Можно было не спрашивать у него, отперта ли ее дверь. В отношении этой пациентки можно было с уверенностью сказать одно: бежать отсюда она совершенно не намеревалась.
Пройдя по коридору, я постучал в ее дверь. Строго говоря, мне не подобало посещать одинокую женщину без свидетелей, однако в Бедламе обыкновенные правила хорошего тона считались избыточными. Эллен пригласила меня войти. Она сидела на соломенном тюфяке в чистом голубом платье с большим вырезом, сложив на коленях изящные руки. Узкое, орлиное лицо ее казалось спокойным, но темно-синие круглые глаза переполняли эмоции. Она вымыла свои длинные каштановые волосы, но их концы уже начинали сечься. Подобные подробности обыкновенно не замечаешь, если не испытываешь влечения к женщине. В этом и заключалась проблема.
Феттиплейс улыбнулась, блеснув крупными белыми зубами:
– Мэтью! Ты получил мою записку. Я была так больна!..
– Теперь тебе лучше? – спросил я. – Гибонс сказал, что у тебя была сильная лихорадка.

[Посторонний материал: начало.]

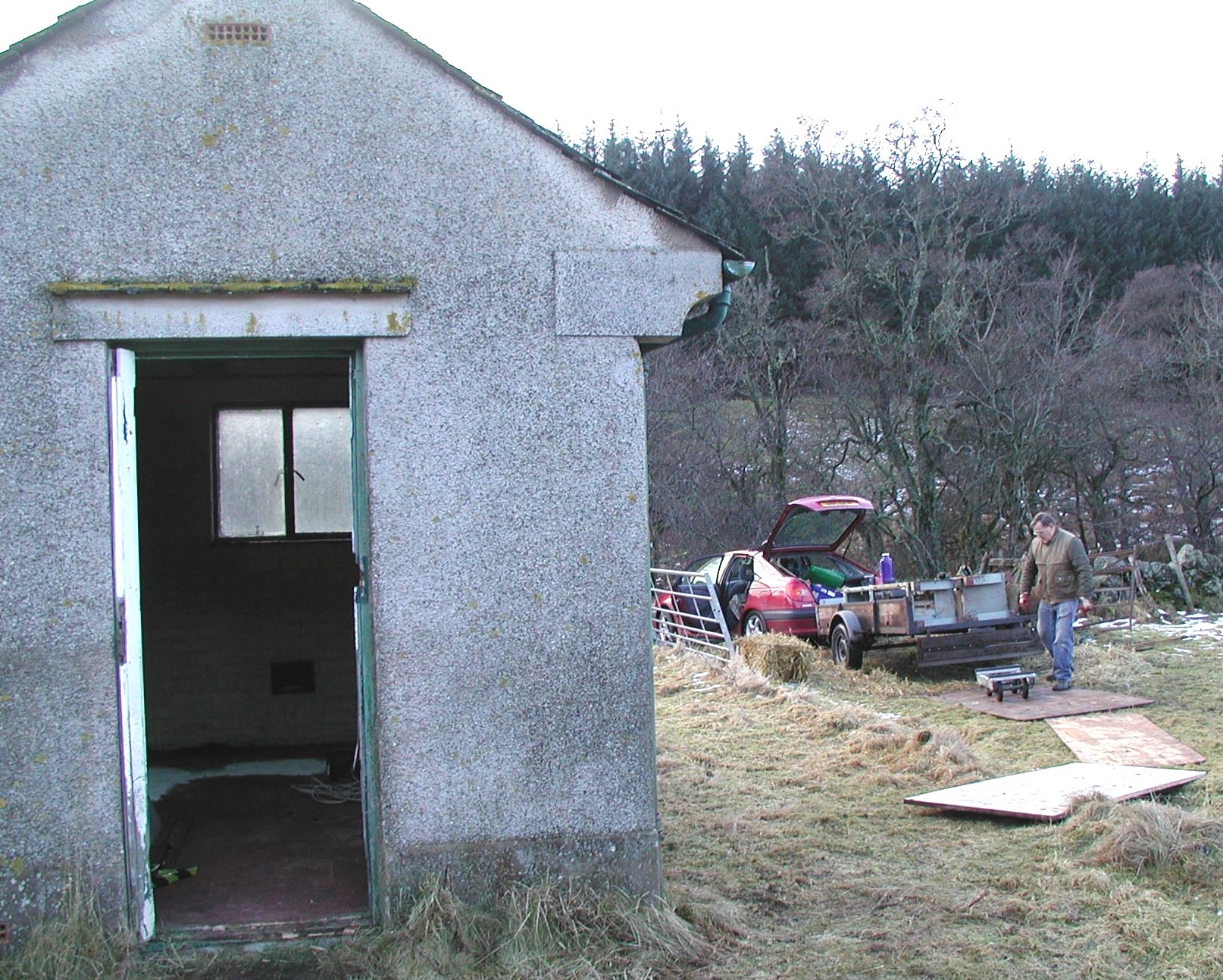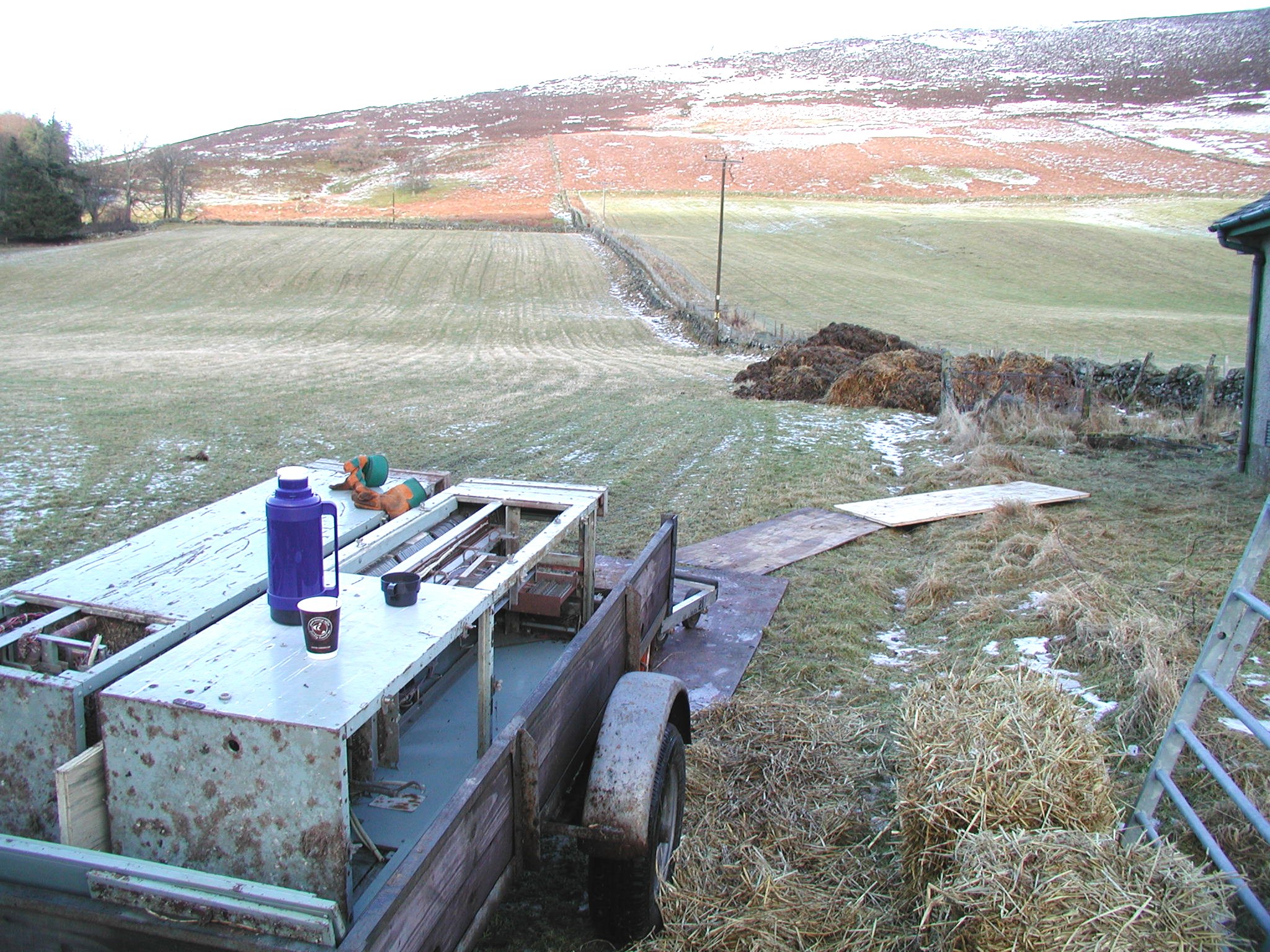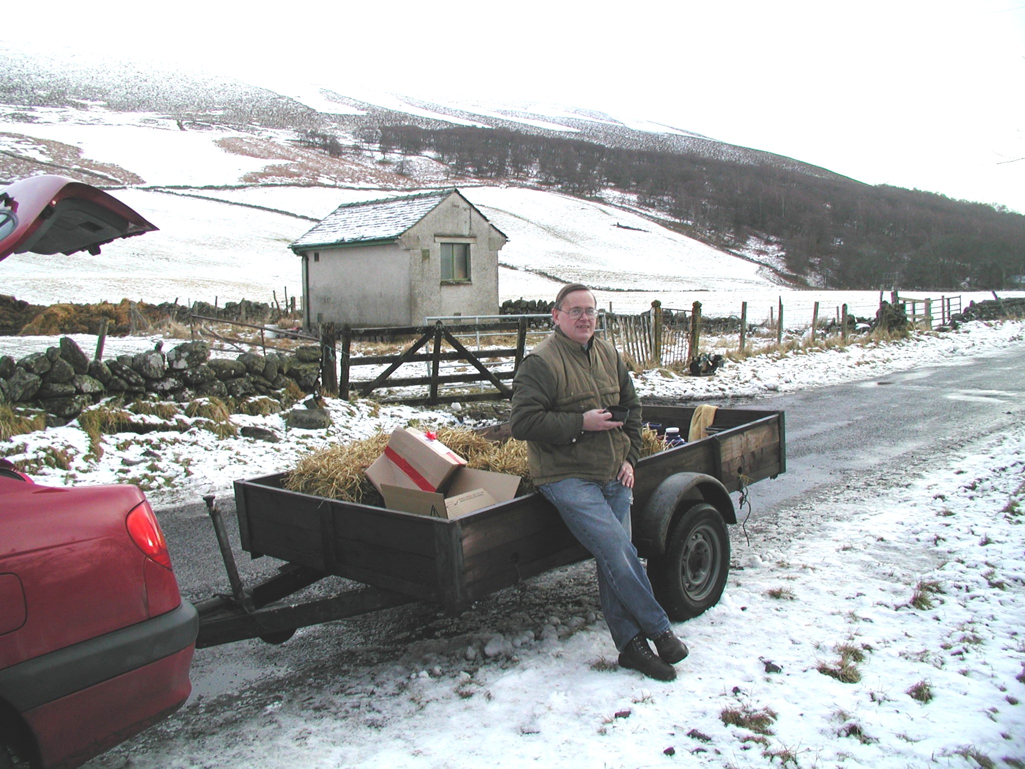 After our planned lunch in "Kerry" we drove back up to Glen Prosen to complete the intended job in hand. The ground was now thawed and very wet, so David’s idea to spread straw about under foot proved very useful between the exchange and around the trailer. Fortunately, as we were lodging at a farm, we were able to obtain the bales locally without charge. They seem to grow millions of tons of the stuff in this part of Scotland. Its essential to the Whiskey you know. The boards I brought also were essential underfoot to allow the racks to be effortlessly wheeled out of the building and into the trailer, using my 4 wheel bogie. This is the best tool I ever found for moving big objects almost single handed. By the time dark was falling just about everything was loaded and the remaining job was to fasten the tarpaulin sufficiently well to keep it down when travelling at speed on the motorway. At this point, when we no longer needed any help with any lifting, the first and only contact with the locals occurred! The lairds handyman came by to check all was ok!

– Да. Я боялась лихорадки. – Женщина нервно улыбнулась. – Боялась.
Я сел на табурет в другой стороне комнаты.
– Мне так хочется услышать свежие новости, – проговорила моя собеседница. – Прошло больше двух недель с тех пор, когда я в последний раз видела тебя.
– Не больше двух недель, Эллен, – негромко поправил ее я.
– Что слышно о войне? Нам ничего не рассказывают, чтобы не расстроить нас. Но старине Бену Тадболлу позволили выйти, и он видел, как мимо проходил огромный отряд солдат…
– Говорят, что французы посылают флот, чтобы вторгнуться к нам. И что герцог Сомерсет повел войско к шотландской границе. Но все это только слухи. Никто не может сказать ничего определенного. Барак считает, что слухи распускают придворные короля.
– Но это отнюдь не значит, что они могут оказаться ошибочными.